For the quantification of the immunohistochemical results, a numerical scoring system was applied. The observed expression of AT1R and AT2R in epithelial cells was assessed using two categories. Category A documented the number of immunoreactive epithelial cells as 0 (no immunoreactive cells), 1 (<10%), 2 (11-50%), and 3 (>50%). A positive case was defined as having a category A value of 1. Category B documented the intensity of the immunostaining as 0 (no immunostaining), 1 (weak), 2 (moderate), and 3 (strong). A case was considered positive when the addition of values for category A and B gave a minimum “immunoreactivity score” of 2. The maximum available score was 6. Lack of immunostaining of any tumor cells was categorized as negative.

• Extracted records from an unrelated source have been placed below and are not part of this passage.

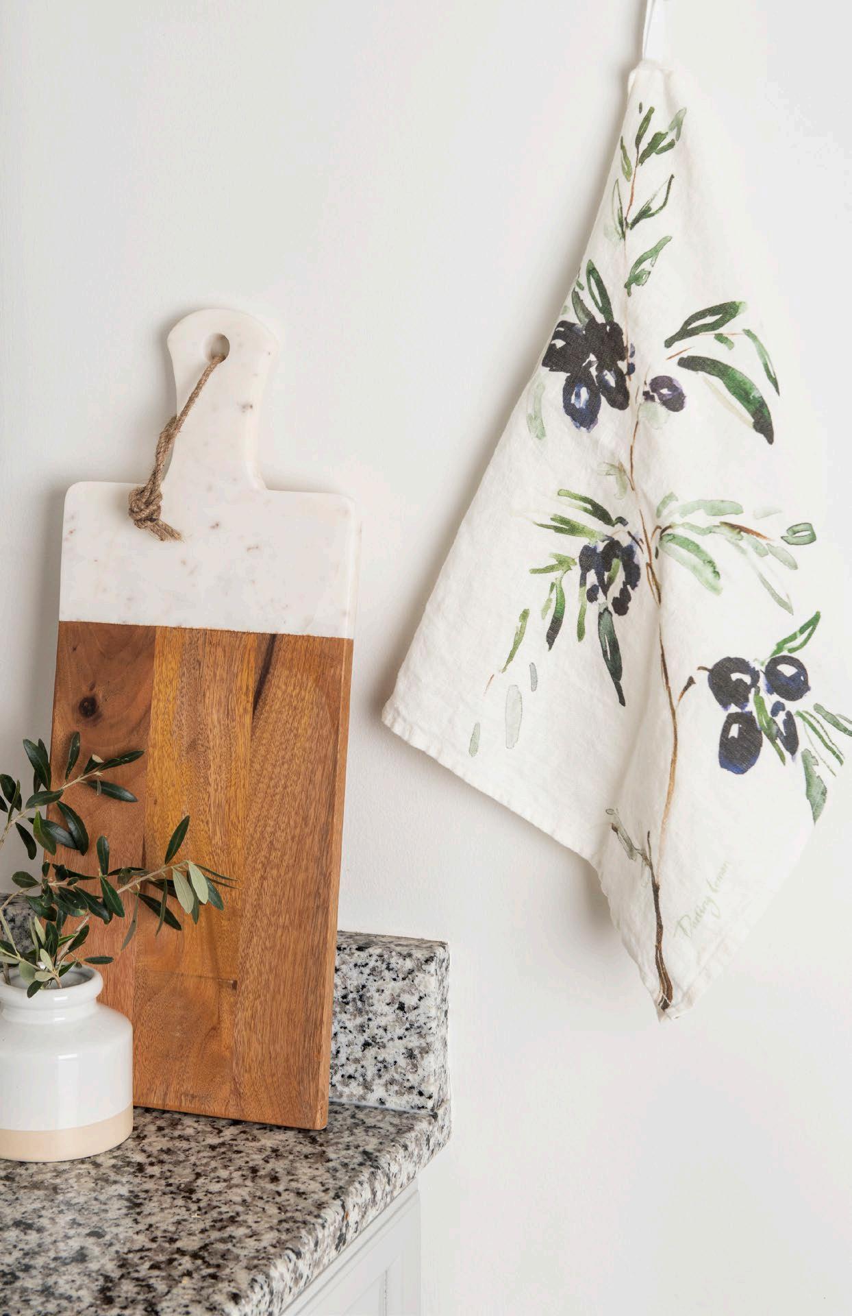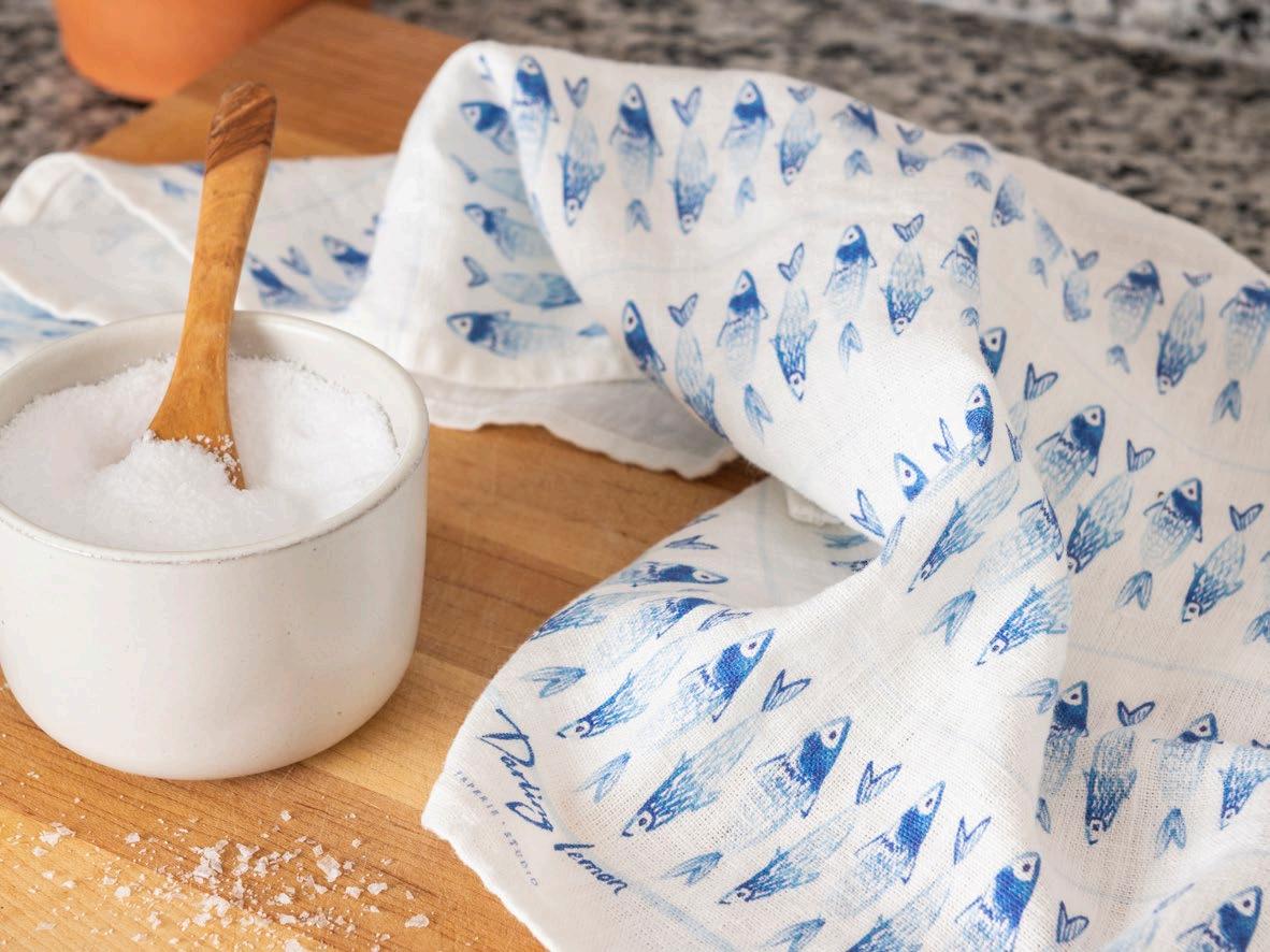 Inspired by artistic design of herbs, olive trees, and fish, these towels would be a perfect addition to any kitchen. $14 & min 4 per sku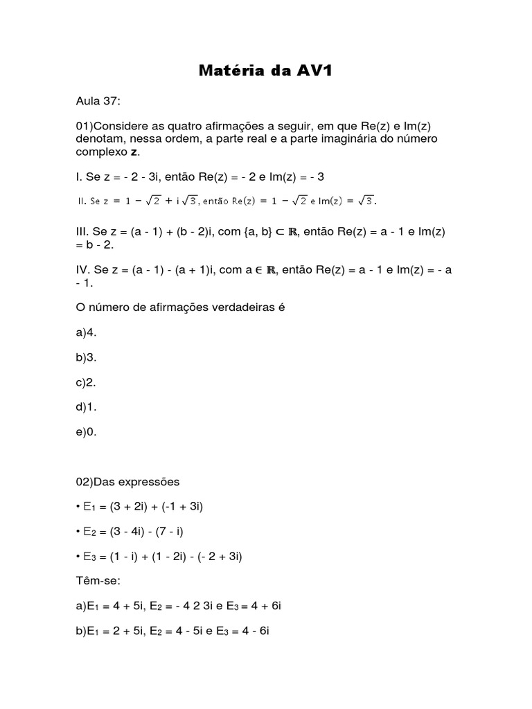 01)Considere as quatro afirmações a seguir, em que Re(z) e Im(z)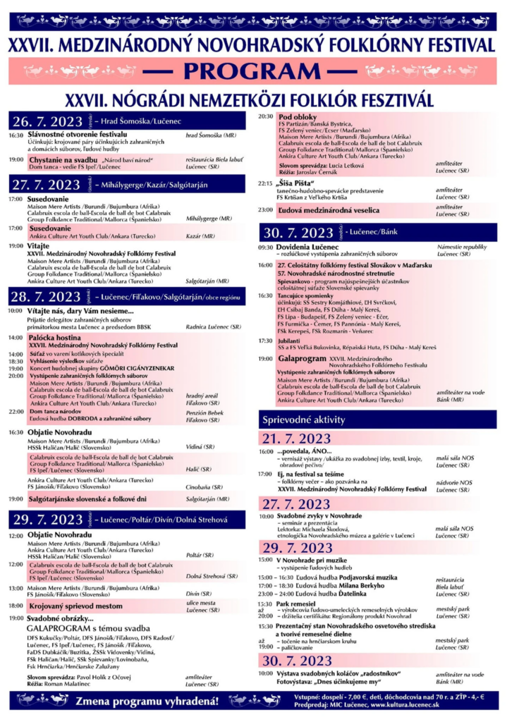 V poslednom júlovom týždni (26. – 30. 7.) budete môcť navštíviť niekoľko zaujímavých miest v Novohrade, kde na vás bude čakať bohatý folklórny program. Súčasťou XXVII. Medzinárodného Novohradského folklórneho festivalu budú, okrem súborov zo Slovenska, aj vystúpenia zahraničných súborov z Maďarska, Afriky, Španielska i Turecka.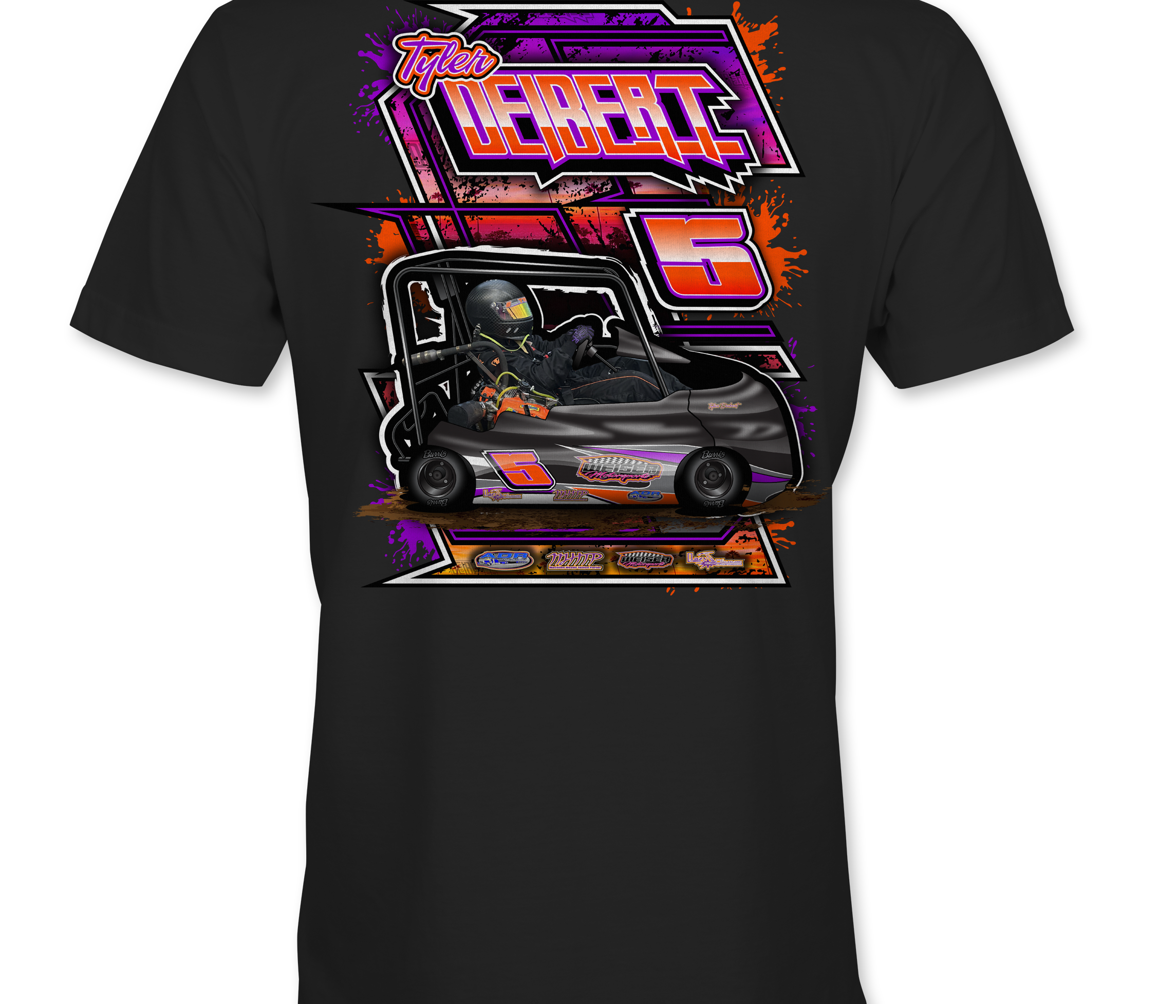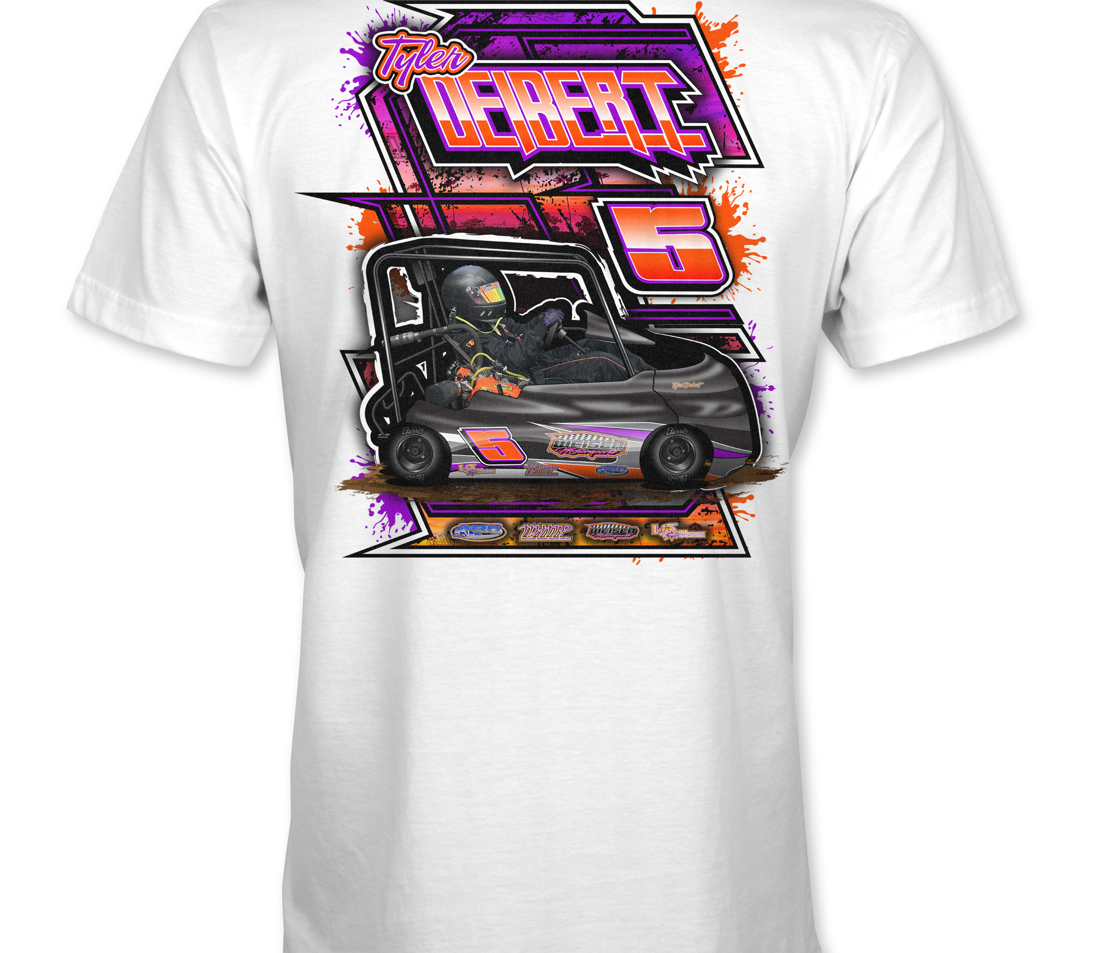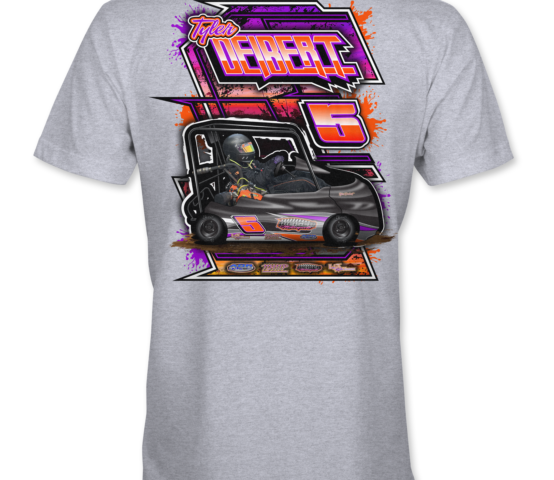 Support Deibert Racing 2025 with their custom apparel!  Available in Black, Sports Gray and White. Graphics are direct to garment printed with a left chest image and a full back image.

Determination of the ACE Genotype
Genomic DNA was purified from peripheral blood mononuclear cells or tissue specimens by using the QIAamp DNA blood kit (Qiagen) or the E.Z.N.A. Tissue DNA Mini Kit (PEQLAB Biotechnologie GmbH). DNA was dissolved at 100 ng/μL in 10 mmol/L of Tris-HCl and 1 mmol/L of EDTA (pH 8.0). The ACE genotype of patients and healthy controls was determined by PCR according to Yoshida et al. (9). A typical 50 μL reaction mixture consisted of 25 μL of HotStarTaq Master Mix (Qiagen), 100 ng of genomic DNA, 250 pmol of each primer (ACE-US: 5′-CTggAgACCACTCCCATCCTTTCT; ACE-DS: 5′-gATgTggCCATCAC-ATTCgTCAgAT), and 5% (v/v) DMSO. An initial 15 min denaturation at 95°C was followed by 40 cycles of 1 min at 64°C, 1 min at 72°C, and 0.6 min at 94°C. Amplified ACE gene fragments were separated on 1.6% agarose gels and visualized by ethidium bromide staining. D or I alleles were identified by the presence of 190 or 490 bp fragments, respectively. An independent PCR analysis was carried out for each sample.
Statistical Analysis
Univariate tests were used to search for correlations between AT1R or AT2R expression and the various clinicopathologic variables, e.g., age, gender, tumor type, tumor, node, and metastasis category, and UICC stage (Table 1). The characteristics of two groups were compared using the t test (Satterthwaite's approximation of variance) and the Fisher exact test for continuous and categorical variables, respectively (10). The correlation between the number of lymph nodes and AT1R expression and ACE genotype was also evaluated using Fisher exact test. The immunohistochemical results, i.e., expression of AT1R and AT2R in neoplastic and nonneoplastic cells, were analyzed using the sign test modified by McNemar (11). A subsequent subgroup analysis was applied in a hierarchical manner to estimate the effects of AT1R and ACE genotype. The odds ratios were estimated from contingency tables. The dependency of patient outcome on AT1R expression and ACE genotype was evaluated using the Kaplan-Meier method and compared using the log-rank test (12). The interactions between the main factors were analyzed using multivariate analyses. A logistic regression was carried out to estimate the influence on tumor progression, i.e., lymph node metastases, and subsequently, an ANOVA was used to test whether the number of lymph node metastases provides further information. Finally, a Cox regression was used to evaluate the outcome with regard to survival time (13). All statistical decisions were made two-tailed with a critical probability of α = 5% without α-adjustment, and P values supported the interpretation. For that reason, the results should be interpreted in an exploratory manner. All statistical analyses were carried out using the SPSS program version 13.
Results
AT1R and AT2R in Gastric Cancer
Table 1 summarizes the clinicopathologic characteristics of the patients. The mean age of the patients was 63.8 ± 12.5 years, and they consisted of 74 men and 26 women (59 intestinal, 29 diffuse, 8 mixed, and 4 indeterminate type). We examined the expression of AT1R, AT2R, and ACE in gastric cancer and corresponding nontumorous gastric tissue.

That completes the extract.